5.To be the dominant fast food service leader in all the territories we operate in.

III. Case Issues


Are we saturated? (CI-1)- This is a question whether the company has dominated the local market. Is there
still room for growth in the local market? Or is it time for the company to tap other markets. The move to
locate in China, Taiwan and the US is a proof of this.

How do we maintain our sales growth? (CI-2)- the company experienced a decrease in the revenue growth
after the boom years of199-1995. Though sales continue to increase, gross revenues decline.

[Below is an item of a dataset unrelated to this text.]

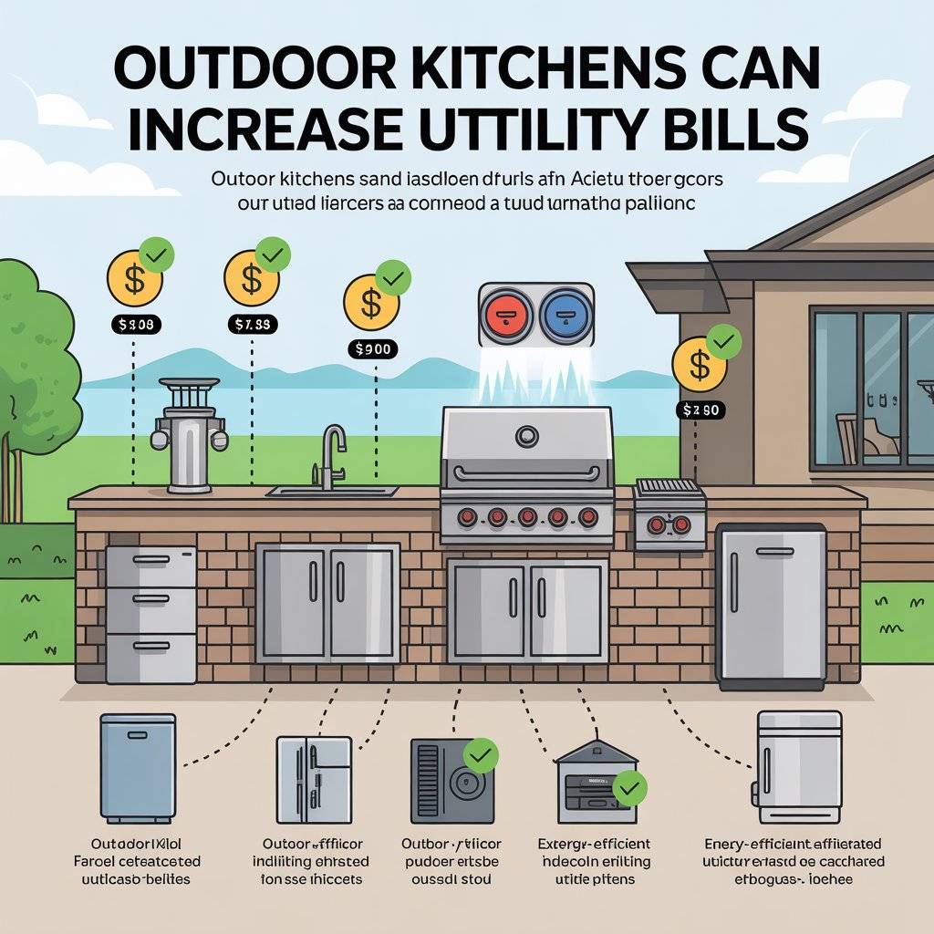 An outdoor kitchen can increase electricity, gas, or water usage. Extra lighting, refrigerators, or sinks all use energy. If you cook outside frequently, these small costs add up over time.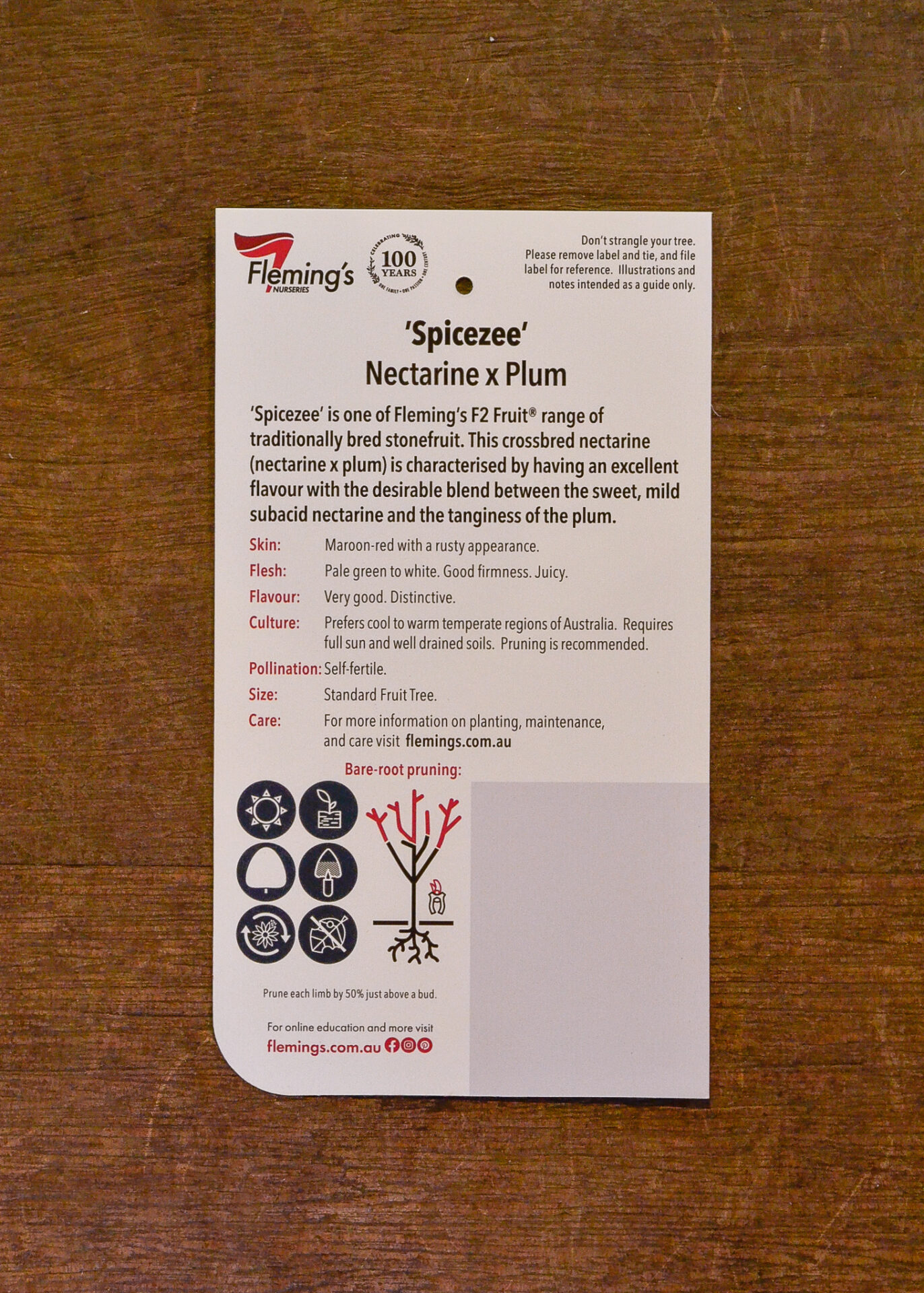 Spicezee is one of Flemings Nurseries F2 range of traditionally bred stone fruit. An excellent flavour blend of a nectarine and plum. Plant in full sun.

With 11%
gross revenue increase in the boom years, it slid to 3% in 2001. An issue that should not be taken for
granted.

What is a potential international market? (CI-3)- Going global is always a company objective. As a general
rule, one must know his local talents before going in other countries. There is a question therefore for
Jollibee to identify what we are looking for in a potential international market. And will their strengths here
in the country still be applicable in the international market?

Do we acquire a new company or do we build from scratch? (CI-4)- The current move of acquiring new
businesses both international and domestic is a contribution to the vision of being a world brand for Jollibee
by the year 2020. Therefore, meticulous assessment before such actions should be taken. Just as what
happened to the failure with the LA venture.

IV. External Environment


Dominant Economic Features
A. Market Share
Jollibee owns 52% of the local QSR/fast food market. With their closest competitors, McDonald's (28%)
and Wendy's (9% far behind). Jollibee's vision of being a global brand forces it to go outside the country
and do what competitors are doing. This has propelled the company to go shopping for businesses in the
food industry to help their cause and even increasing their advantage over their competitors.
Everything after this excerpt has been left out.